Alors que le campement dans Hochelaga sera bientôt démantelé et remplacé par un nouveau refuge, des élus et des organismes rappellent que sa présence n’est que la « pointe de l’iceberg » du problème d’itinérance à Montréal. Ils réclament qu’Ottawa envoie l’argent qui est dû au Québec en matière d’habitation pour investir dans la rénovation du parc « vieillissant » de logements abordables.

« Ce parc de tentes n’aurait jamais existé si l’argent du fédéral avait été livré comme dans les autres provinces. On aurait plus de logements sociaux, on aurait pu rénover des logements et on aurait logé les gens. La preuve, c’est qu’il y a ici beaucoup de néo-itinérance, des gens qui n’ont jamais fait ça avant », lance le député bloquiste de Longueuil–Saint-Hubert, Denis Trudel, qui a visité le campement vendredi.

C’est que le « contentieux » entre Québec et Ottawa, qui n’ont toujours pas signé d’entente en habitation, empêche selon lui des milliers de ménages d’accéder au logement. « Il y a 1,4 milliard de dollars qui dorment dans les coffres. Pendant ce temps-là, entre 10 000 et 15 000 projets sont en attente. Ça explique que tous ces gens aient dû se trouver un toit trop petit ou insalubre, le 1er juillet », soutient l’élu.

Ottawa doit livrer ces fonds sans condition. Il ne devrait pas y avoir de questions. Le logement est de compétence provinciale au Québec. C’est notre argent.

Denis Trudel, député du Bloc québécois

Yves-François Blanchet et ses troupes chiffrent à environ 3 milliards les besoins en logement social au Québec. Et selon Denis Trudel, ce financement va bien au-delà de la construction d’appartements. « Ça prend aussi du soutien psychologique. Appeler Vidéotron, faire l’épicerie, créer un budget, ça peut avoir l’air niaiseux, mais quand tu ne l’as jamais fait et qu’on ne t’aide pas, tu retournes dans la rue », illustre-t-il.

Une nouvelle ressource dans l’Est

Le campement de la rue Notre-Dame devrait être démantelé d’ici la fin d’août. Montréal entend créer une nouvelle « ressource locale » qui devrait prendre la forme d’un refuge temporaire de 65 lits dans le secteur. Une annonce devrait avoir lieu la semaine prochaine. « On rencontre chaque personne pour voir comment les reloger, mais on sait aussi que les besoins sont grands. Il y aura éventuellement une nouvelle ressource dans l’Est », confirme l’attachée de presse au cabinet de la mairesse, Laurence Houde-Roy.

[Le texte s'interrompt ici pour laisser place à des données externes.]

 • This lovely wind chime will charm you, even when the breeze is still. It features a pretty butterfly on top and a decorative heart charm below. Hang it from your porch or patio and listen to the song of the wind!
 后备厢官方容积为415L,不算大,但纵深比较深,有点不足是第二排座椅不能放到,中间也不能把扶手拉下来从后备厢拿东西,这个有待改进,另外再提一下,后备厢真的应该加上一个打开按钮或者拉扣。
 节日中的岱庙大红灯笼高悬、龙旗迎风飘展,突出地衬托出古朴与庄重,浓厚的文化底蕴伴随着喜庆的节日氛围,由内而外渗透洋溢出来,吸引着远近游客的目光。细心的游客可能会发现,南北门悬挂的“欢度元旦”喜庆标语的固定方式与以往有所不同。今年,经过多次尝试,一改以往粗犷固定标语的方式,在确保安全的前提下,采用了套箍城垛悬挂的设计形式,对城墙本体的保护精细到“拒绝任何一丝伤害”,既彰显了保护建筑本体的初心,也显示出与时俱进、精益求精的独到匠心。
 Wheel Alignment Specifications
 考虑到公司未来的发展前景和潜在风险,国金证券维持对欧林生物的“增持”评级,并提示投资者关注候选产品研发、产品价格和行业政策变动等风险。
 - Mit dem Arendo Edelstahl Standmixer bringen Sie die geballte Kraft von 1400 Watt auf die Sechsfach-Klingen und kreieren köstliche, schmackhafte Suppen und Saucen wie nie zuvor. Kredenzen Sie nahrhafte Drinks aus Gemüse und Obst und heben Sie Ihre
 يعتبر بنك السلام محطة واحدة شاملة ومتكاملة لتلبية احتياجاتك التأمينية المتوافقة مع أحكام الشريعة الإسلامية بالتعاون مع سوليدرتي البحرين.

Aux abords de la rue Notre-Dame Est, les quelque dizaines de campeurs refusent pour l’instant de partir, disant apprécier la liberté que leur apporte ce campement, en comparaison d’un refuge. La Ville demande que les sommes déjà annoncées pour l’itinérance « atterrissent dans les organismes rapidement », pour que ceux-ci accompagnent les gens dans le besoin.

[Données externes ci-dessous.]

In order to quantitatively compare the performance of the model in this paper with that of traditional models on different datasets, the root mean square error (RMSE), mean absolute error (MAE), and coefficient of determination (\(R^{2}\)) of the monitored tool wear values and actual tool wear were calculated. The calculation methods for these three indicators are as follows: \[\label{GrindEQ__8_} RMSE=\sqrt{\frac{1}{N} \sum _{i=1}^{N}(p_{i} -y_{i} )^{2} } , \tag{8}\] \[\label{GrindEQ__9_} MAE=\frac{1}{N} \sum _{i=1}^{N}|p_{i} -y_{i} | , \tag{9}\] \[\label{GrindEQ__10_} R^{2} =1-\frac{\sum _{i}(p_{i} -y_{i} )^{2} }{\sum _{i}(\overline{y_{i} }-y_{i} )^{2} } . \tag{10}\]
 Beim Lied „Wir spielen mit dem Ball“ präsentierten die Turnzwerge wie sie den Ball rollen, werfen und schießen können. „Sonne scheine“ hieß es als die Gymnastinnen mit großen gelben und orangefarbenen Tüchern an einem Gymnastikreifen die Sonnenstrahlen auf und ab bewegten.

Le cabinet de la ministre de l’Habitation, Andrée Laforest, lui, assure qu’une entente avec Ottawa arrivera bientôt. « On veut signer cette entente le plus rapidement possible, mais pas à n’importe quel prix. Ça veut dire pouvoir passer à travers nos programmes déjà existants, utiliser l’argent sans trop de conditions dans nos projets », explique l’attachée de presse Bénédicte Trottier-Lavoie.

Celle-ci ajoute que la Société d’habitation du Québec et la Société canadienne d’hypothèques et de logement ont des échanges « réguliers » pour tenter de dénouer l’impasse. « Nous sommes très conscients des besoins criants. Tout va dépendre de ce qu’Ottawa nous propose », note la relationniste.

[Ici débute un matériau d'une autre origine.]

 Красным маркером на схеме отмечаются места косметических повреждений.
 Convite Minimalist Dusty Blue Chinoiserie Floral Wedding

Des logements sociaux « barricadés »

Au Front d’action populaire en réaménagement urbain (FRAPRU), la porte-parole Véronique Laflamme dénonce l’hypocrisie des autorités. Selon les données de l’organisme, pas moins de 12 immeubles HLM – totalisant 300 logements – sont toujours vacants à Montréal, faute de financement nécessaire des gouvernements pour les réparer.

Alors que des dizaines de personnes campent, dont plusieurs sont récemment devenues sans domicile fixe à cause de la crise du logement, il reste plusieurs logements sociaux barricadés à Montréal. C’est inacceptable.

Véronique Laflamme, porte-parole du FRAPRU

« Cette liste ne fera qu’augmenter si rien n’est fait rapidement. Montréal ne peut pas se permettre de perdre des logements sociaux », ajoute Mme Laflamme.

Dans son plus récent budget annuel, l’Office municipal d’habitation chiffrait à 1,2 milliard de dollars, sur cinq ans, les besoins en rénovation des HLM à Montréal.